For vision requests, use the array content format with image URLs:

{
  "role": "user",
  "content": [
    { "type": "text", "text": "What's in this image?" },
    { "type": "image_url", "image_url": { "url": "https://example.com/photo.jpg" } }
  ]
}

When the gateway detects image_url content parts, it automatically filters to vision-capable models (e.g.

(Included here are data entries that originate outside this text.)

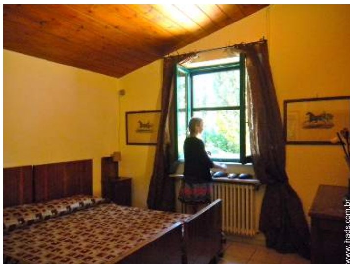
camas separadas simples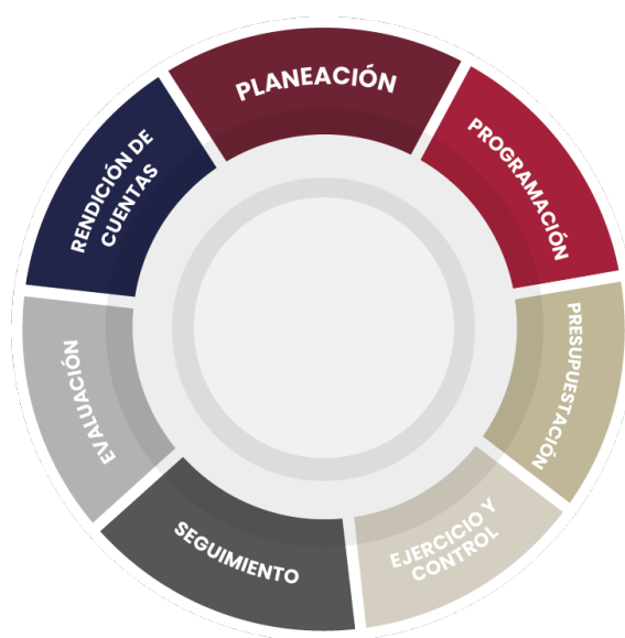
Esquema 4.1. Etapas del Ciclo Presupuestario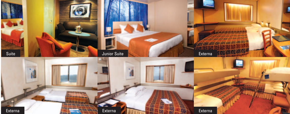
Imagens ilustrativas e apenas referenciais das cabines.

DESCONTOS E PROMOÇÕES: devem ser solicitados exclusivamente no ato da reserva e estão sujeitos a alterações sem prévio aviso e à disponibilidade de cabines. | PARCELAMENTO EM ATÉ 10 VEZES SEM JUROS no cartão de crédito. Ou de 1 a 10 vezes com juros com cheque pré-datado/boleto. Consulte condições específicas/coeficientes no site. Crédito sujeito à análise e aprovação pelo Banco FIBRA. Consulte convênios credenciados. | IBERO INCLUSIVE , PROGRAMA DE BEBIDAS INCLuíDAS, exceto TRAVESSIA, que oferece água mineral, cerveja, refrigerante e vinho da casa servidos durante o almoço e o jantar no buffet e restaurantes principais | Promoções até 30/11/2010: GRÁTIS 3º hóspede na mesma cabine , com base na Tarifa Tabela, não cumulativo a outras promoções. | FAMÍLIA 4x3 , excluindo aéreo e taxas: o 4º hóspede viaja GRÁTIS quando não mais disponíveis cabines quádruplas: sendo 2 adultos e 2 menores de 18 anos da mesma família em duas cabines duplas. Capacidade limitada de cabines. Taxas portuárias, de serviço e de assistência ao viajante não incluídas. | Consulte condições específicas: www.iberocruzeiros.com.br

Gemini, Groq Llama 4).

Field	Type	Description
`role`	string	One of `"system"`, `"user"`, `"assistant"`, `"tool"`.
`content`	string \| array	Message text, or array of content parts for multimodal input.
`name`	string	Optional display name for the message author.

Capability-Based Routing

The gateway automatically detects what capabilities your request needs and filters models accordingly:

Request Feature	Detected Capability	Effect
`tools` array present	Tool calling	Only routes to models that support function calling
`response_format: { type: "json_object" }`	JSON mode	Only routes to models with structured output
`image_url` in message content	Vision	Only routes to vision-capable models
Large prompt	Context window	Excludes models whose context window is too small

This is fully automatic — no extra headers or configuration needed.

Non-Streaming Response

A standard OpenAI-compatible response object is returned. The gateway adds extra diagnostic headers:

Header	Description
`x-gateway-provider`	The backend provider that served the request (e.g. `groq`, `gemini`).
`x-gateway-model`	The exact model used by the provider.
`x-gateway-attempts`	Number of provider attempts before a successful response.
`x-gateway-request-id`	Unique request identifier for support and log correlation.
`x-gateway-reasoning-effort`	The reasoning effort level applied to the request.

Example Response

{
  "id": "chatcmpl-abc123",
  "object": "chat.completion",
  "created": 1714000000,
  "model": "llama-3.3-70b-versatile",
  "choices": [
    {
      "index": 0,
      "message": {
        "role": "assistant",
        "content": "The capital of France is Paris."
      },
      "finish_reason": "stop"
    }
  ],
  "usage": {
    "prompt_tokens": 15,
    "completion_tokens": 9,
    "total_tokens": 24
  }
}

Streaming Response

When stream: true, the response is a stream of data: lines in SSE format, each containing a JSON delta object. The stream is terminated by data: [DONE].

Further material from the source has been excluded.